Op basis van gegevens uit in-vitro-onderzoeken kan avanafil werken als een BCRP-remmer bij klinisch relevante concentraties.
Bij klinisch relevante concentraties werkt avanafil niet als een remmer van OATP1B1, OATP1B3, OCT1, OCT2, OAT1, OAT3 en BSEP.

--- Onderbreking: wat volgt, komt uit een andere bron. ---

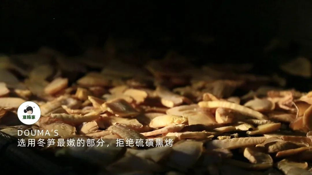 而整个烘烤过程由于农户的烘烤技艺不同,呈现不同品质的玉兰片。豆妈家玉兰片全程原生态烤制,拒绝硫磺烘烤,经历三天两夜数百次翻转,以保证每片笋片干燥,保持鲜嫩口感,无任何添加。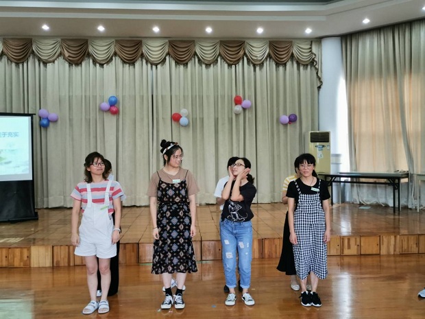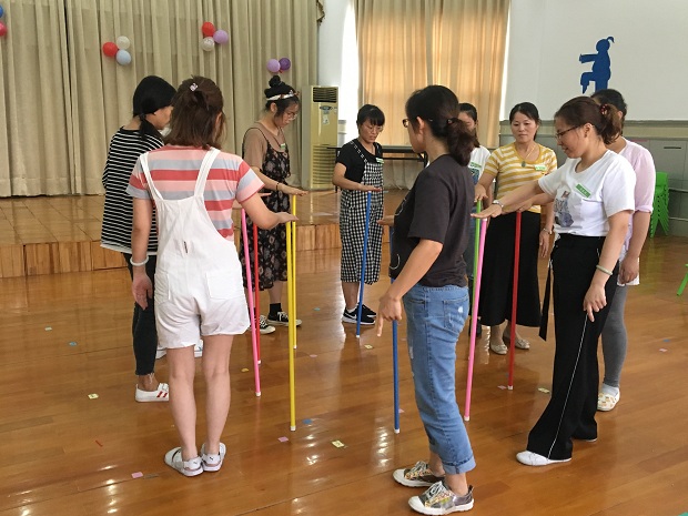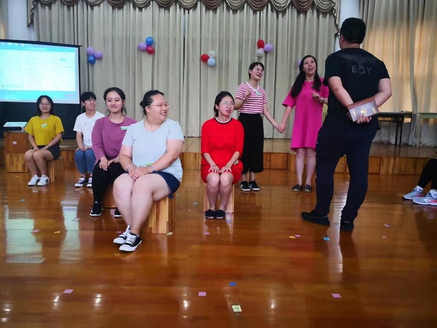 活动的第一环节是“节日微语”,每位老师都在舒缓的音乐声中写下了对同伴的真诚祝福,一张张爱心贴充满了暖暖的情谊。紧接着,殷园长为全体教师送上了节日的祝福。接下来,三个年级组的教师们分别献艺为节日添彩:大班组的原创方言三句半《夸夸老师》,把每位教职工夸了一遍,风趣又暖心;中班组的歌表演《老师,老师》动感十足,嗨翻全场;小班组的诗朗诵《青春、师爱、畅想》,道出了每位教师的心声。在团建游戏“不倒森林”中,同伴们相互信任,默契配合,展现了团队的凝聚力。活动的最后一环节是获得区德育先进者的优秀教师发言,王老师结合从教经历进行了“不忘初心,奋力前行”的主题发言。
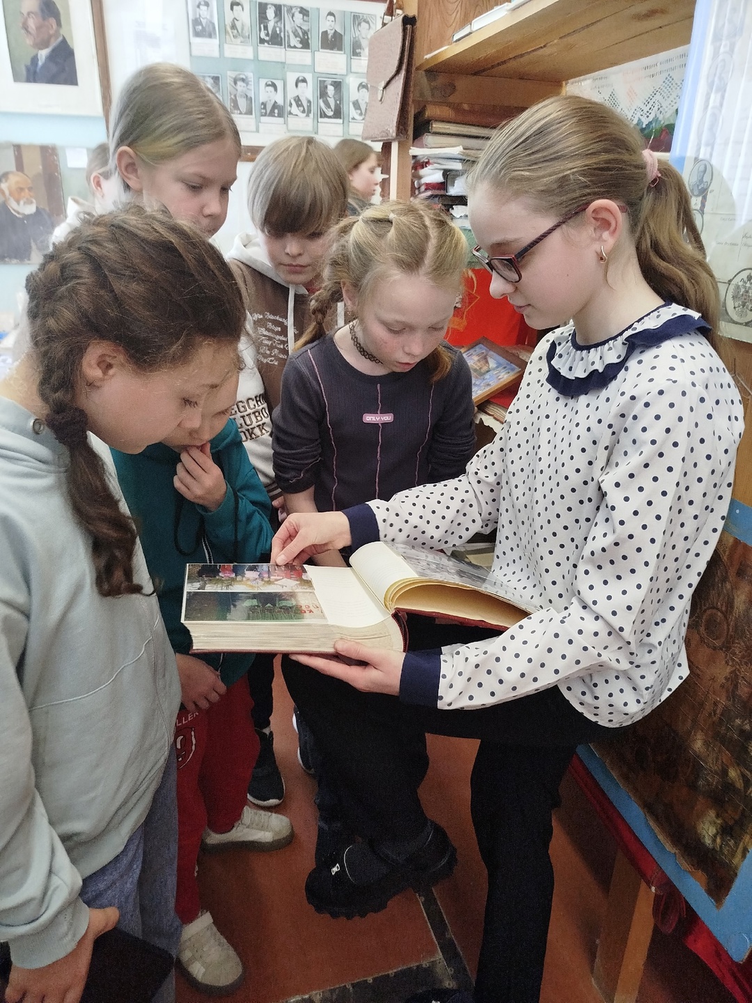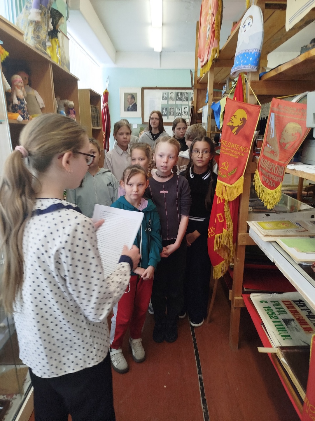 Перед началом весенних каникул в школьном этнографическом музее прошли краеведческие занятия для учащихся. Обзорную экскурсию по фондам музея провели ученицы 7 класса: Галинова Елена, Галинова Мария и Бабина Ксения.

Het effect van avanafil op andere transporters is niet bekend.
Riociguat
Preklinische studies hebben een aanvullend systemisch bloeddrukverlagend effect aangetoond wanneer PDE5-remmers in combinatie met riociguat worden ingenomen. In klinische onderzoeken is aangetoond dat riociguat de hypotensieve effecten van PDE5-remmers verhoogt. In de onderzochte populatie was er geen bewijs van een gunstig klinisch effect na gebruik van de combinatie Gelijktijdig gebruik van riociguat met PDE5-remmers, waaronder avanafil, is gecontra-indiceerd (zie rubriek 4.3).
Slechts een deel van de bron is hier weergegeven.